Culture
FTC rules Cambridge Analytica engaged in deceptive practices
The company went bankrupt and folded last year.
The Federal Trade Commission has ruled that Cambridge Analytica deceived Facebook users it collected personal data from. The incident erupted into a major privacy scandal for Facebook and resulted in the company being fined $5 billion.
This means nothing — The FTC in today’s decision ordered Cambridge Analytica to return or delete the offending data, and adhere to tougher privacy guidelines. The whole debacle already took the company down, however, and they ended operations last year. In practice the ruling doesn’t do very much at this point. It doesn’t include any further dictates for Facebook.
The fiasco began when it came to light that Cambridge Analytica was compiling voter profiles using Facebook user data improperly collected from a college professor’s “research” app. The company briefly worked with the Trump campaign on ad targeting so you can imagine why people were upset. Facebook was hit with that enormous (though small, relatively) fine after emails leaked revealing that the company was aware of Cambridge Analytica’s access to the data and didn’t do much about it.
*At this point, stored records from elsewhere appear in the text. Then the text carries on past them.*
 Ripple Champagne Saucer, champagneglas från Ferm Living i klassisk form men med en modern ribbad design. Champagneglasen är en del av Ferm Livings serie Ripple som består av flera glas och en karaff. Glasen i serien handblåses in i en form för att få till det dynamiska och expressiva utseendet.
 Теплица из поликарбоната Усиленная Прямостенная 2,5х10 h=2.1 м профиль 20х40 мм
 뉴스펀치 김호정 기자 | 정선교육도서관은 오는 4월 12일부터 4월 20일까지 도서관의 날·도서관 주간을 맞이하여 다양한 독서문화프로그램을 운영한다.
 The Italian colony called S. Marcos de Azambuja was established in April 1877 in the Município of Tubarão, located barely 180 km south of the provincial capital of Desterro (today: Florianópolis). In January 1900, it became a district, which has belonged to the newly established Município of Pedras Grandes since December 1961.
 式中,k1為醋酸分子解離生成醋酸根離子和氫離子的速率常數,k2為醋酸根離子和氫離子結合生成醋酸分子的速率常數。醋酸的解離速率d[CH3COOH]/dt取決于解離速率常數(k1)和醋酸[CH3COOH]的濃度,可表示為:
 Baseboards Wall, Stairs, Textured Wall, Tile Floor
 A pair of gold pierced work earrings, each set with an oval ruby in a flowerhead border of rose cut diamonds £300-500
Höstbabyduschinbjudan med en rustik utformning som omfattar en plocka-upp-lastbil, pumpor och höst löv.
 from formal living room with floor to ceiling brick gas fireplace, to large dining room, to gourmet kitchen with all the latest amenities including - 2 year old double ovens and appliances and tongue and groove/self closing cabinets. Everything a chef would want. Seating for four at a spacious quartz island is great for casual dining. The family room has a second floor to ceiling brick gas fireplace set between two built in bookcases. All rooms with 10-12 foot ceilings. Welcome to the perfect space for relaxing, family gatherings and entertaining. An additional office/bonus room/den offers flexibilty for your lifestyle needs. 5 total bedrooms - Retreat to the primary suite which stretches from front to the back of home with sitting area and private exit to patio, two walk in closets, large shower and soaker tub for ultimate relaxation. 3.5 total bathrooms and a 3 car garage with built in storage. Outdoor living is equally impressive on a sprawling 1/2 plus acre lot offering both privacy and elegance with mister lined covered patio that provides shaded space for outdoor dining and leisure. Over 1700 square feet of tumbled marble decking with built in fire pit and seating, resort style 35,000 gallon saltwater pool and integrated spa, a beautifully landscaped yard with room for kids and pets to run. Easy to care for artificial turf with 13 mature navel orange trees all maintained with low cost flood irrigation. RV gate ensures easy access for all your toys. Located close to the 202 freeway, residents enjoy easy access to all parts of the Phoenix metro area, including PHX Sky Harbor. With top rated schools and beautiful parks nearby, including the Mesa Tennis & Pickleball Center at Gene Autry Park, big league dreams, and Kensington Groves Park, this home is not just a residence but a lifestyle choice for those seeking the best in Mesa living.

“The Federal Trade Commission issued an Opinion finding that the data analytics and consulting company Cambridge Analytica, LLC engaged in deceptive practices to harvest personal information from tens of millions of Facebook users for voter profiling and targeting,” the agency wrote in its announcement.
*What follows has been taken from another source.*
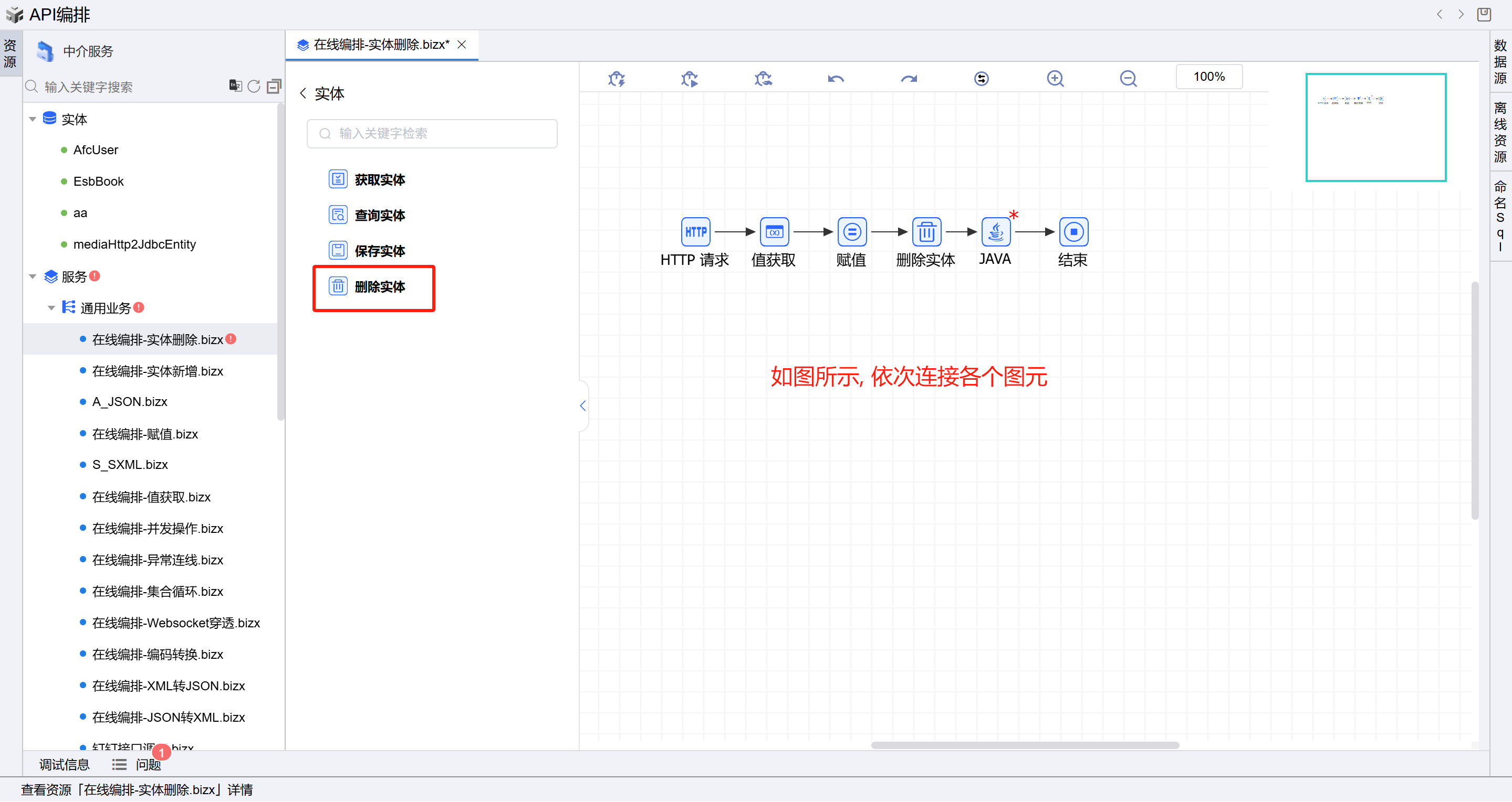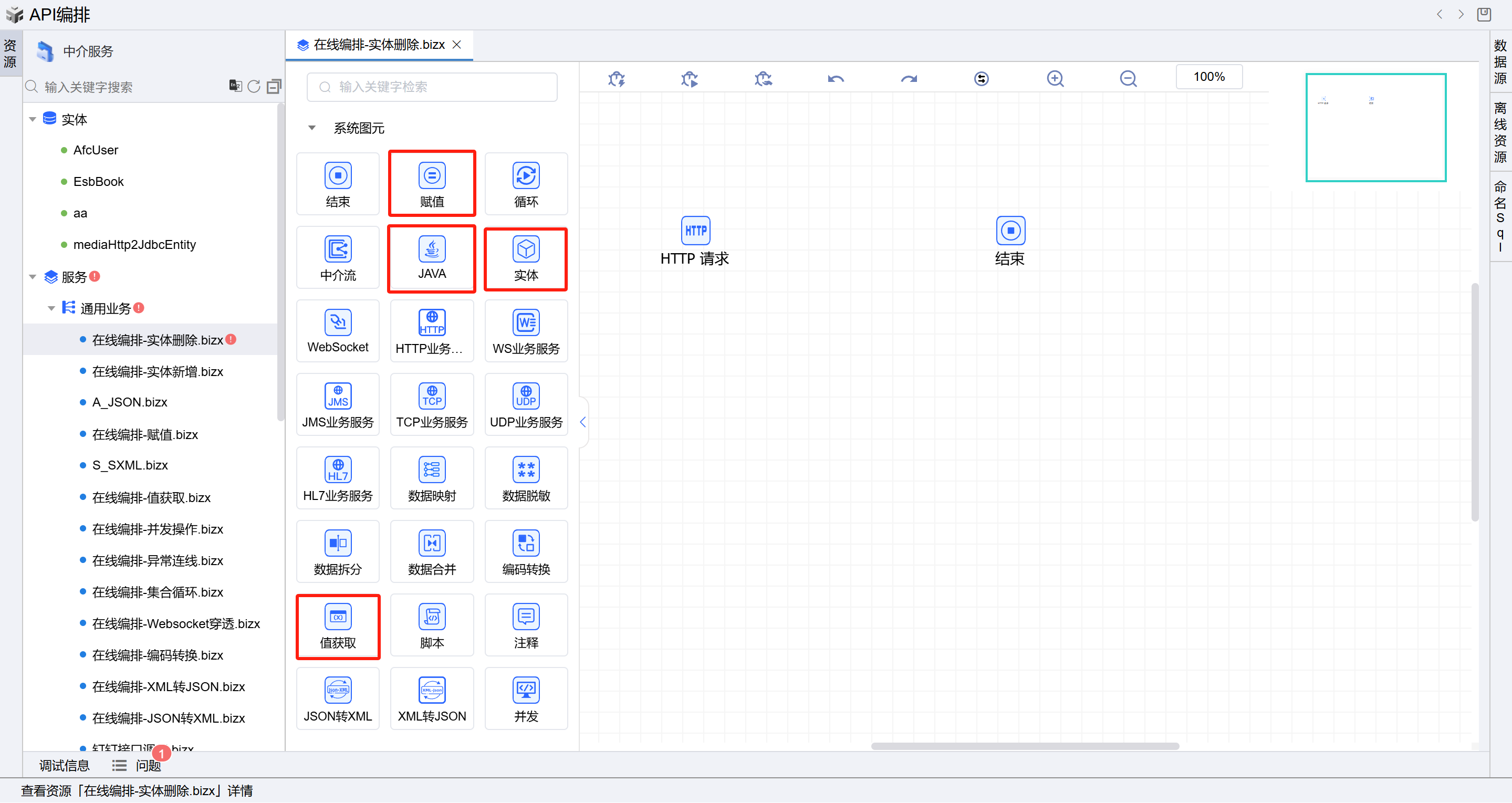 - 保存成功后系统自动打开中介编排页面,如下图所示。从左侧拖一个值获取图元、一个赋值图元、一个JAVA图元,单击实体图元,拖动删除实体图元到右侧画布的HTTP请求和结束图元之间,并如图所示依次连接所有图元。如下图:
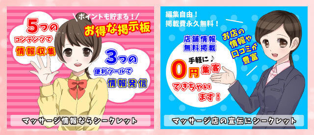国内最大のマッサージ情報掲示板を目指す シークレット

Facebook is fine — The $5 billion fine Facebook had to pay was largely viewed by the public as a slap on the wrist. The company’s total revenue for 2018 was $55 billion and its stock price has only continued an upward rise despite repeated privacy scandals. Consumer trust surrounding Facebook has plummeted, but it’s a monopoly company that acquires or squeezes out its competitors, so while there has been slight decline in its userbase, the company shows no signs of weakening no matter how much the FTC calls it out.